## Source material
-------------------------

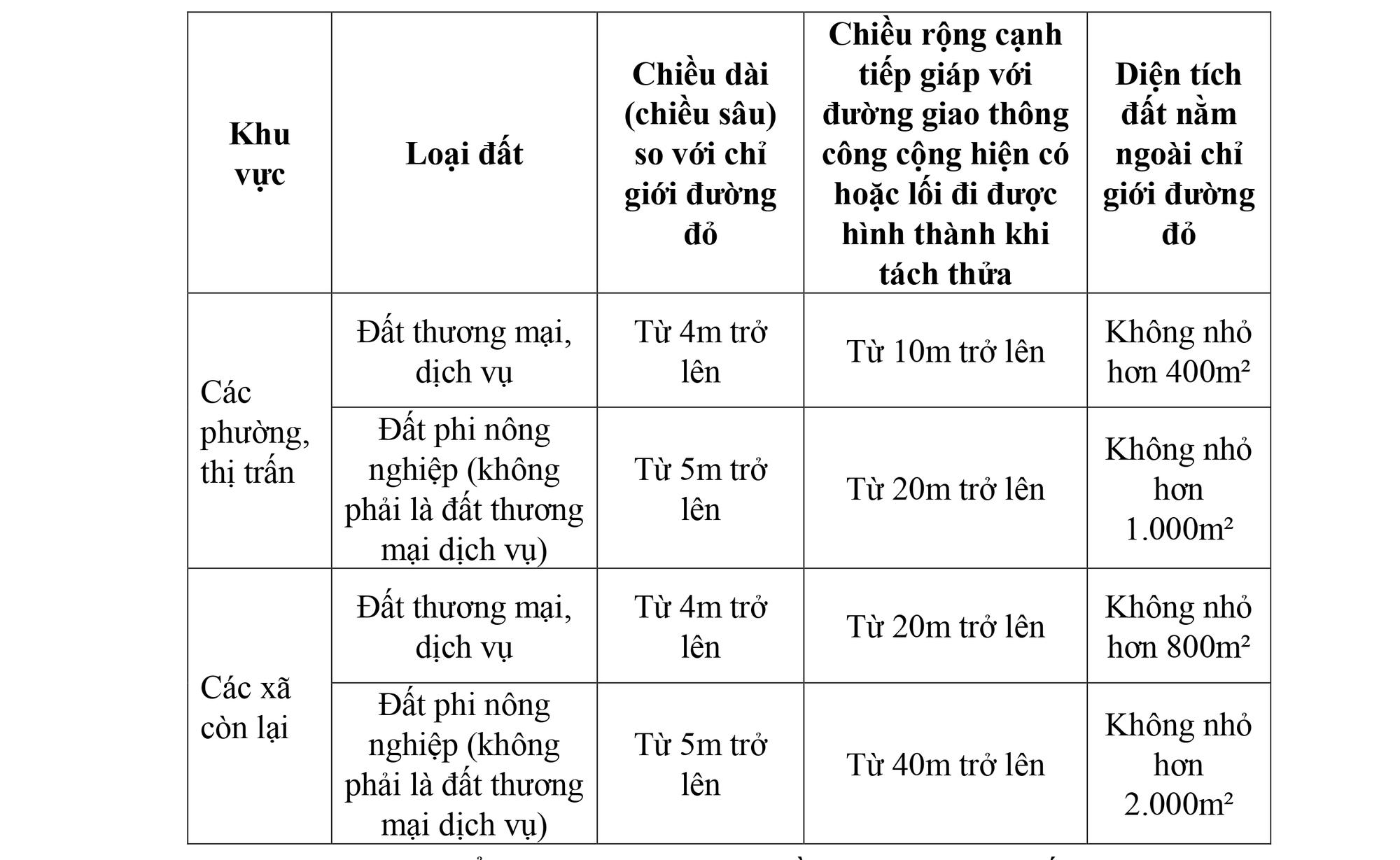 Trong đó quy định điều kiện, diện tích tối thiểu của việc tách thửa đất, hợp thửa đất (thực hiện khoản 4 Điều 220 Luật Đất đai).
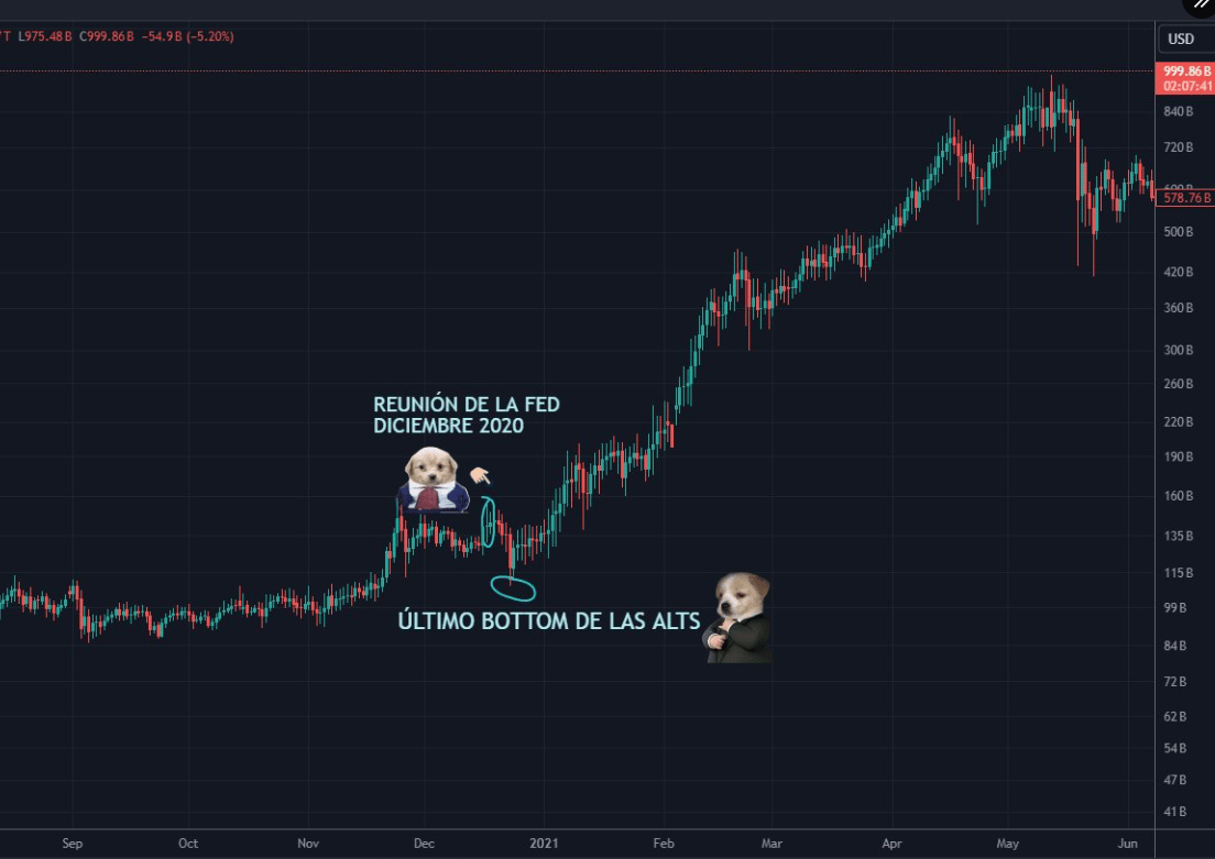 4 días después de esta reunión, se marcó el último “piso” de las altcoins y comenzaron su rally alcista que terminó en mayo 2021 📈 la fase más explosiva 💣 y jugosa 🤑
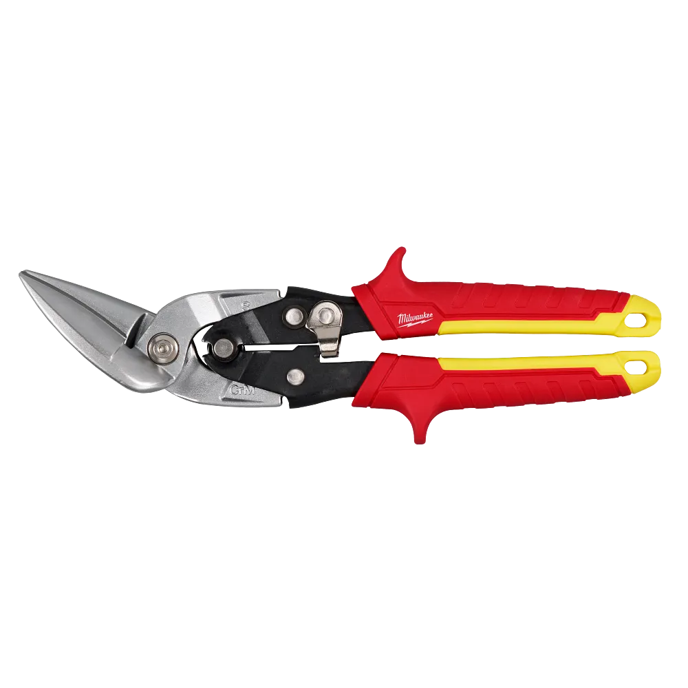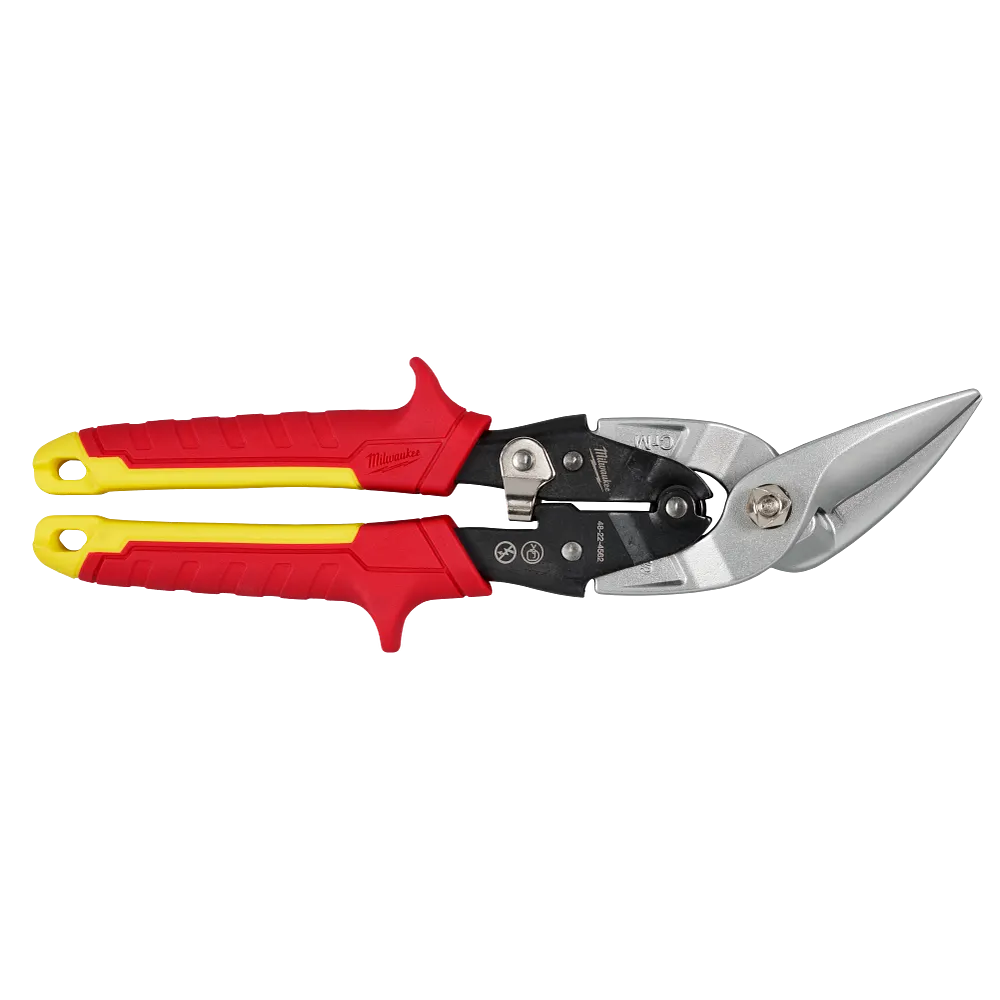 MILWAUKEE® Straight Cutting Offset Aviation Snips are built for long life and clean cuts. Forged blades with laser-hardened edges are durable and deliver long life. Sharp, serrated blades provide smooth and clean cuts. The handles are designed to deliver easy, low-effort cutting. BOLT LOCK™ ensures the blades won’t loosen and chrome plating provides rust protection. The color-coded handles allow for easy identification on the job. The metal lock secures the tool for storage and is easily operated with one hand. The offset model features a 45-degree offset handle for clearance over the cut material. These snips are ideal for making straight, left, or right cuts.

-------------------------

## Problem description
Give again, word for word, only the lines that run from the top of the data above through the line with "4 días después". Drop the pictures.

## Result for this task
 Trong đó quy định điều kiện, diện tích tối thiểu của việc tách thửa đất, hợp thửa đất (thực hiện khoản 4 Điều 220 Luật Đất đai).
 4 días después de esta reunión, se marcó el último “piso” de las altcoins y comenzaron su rally alcista que terminó en mayo 2021 📈 la fase más explosiva 💣 y jugosa 🤑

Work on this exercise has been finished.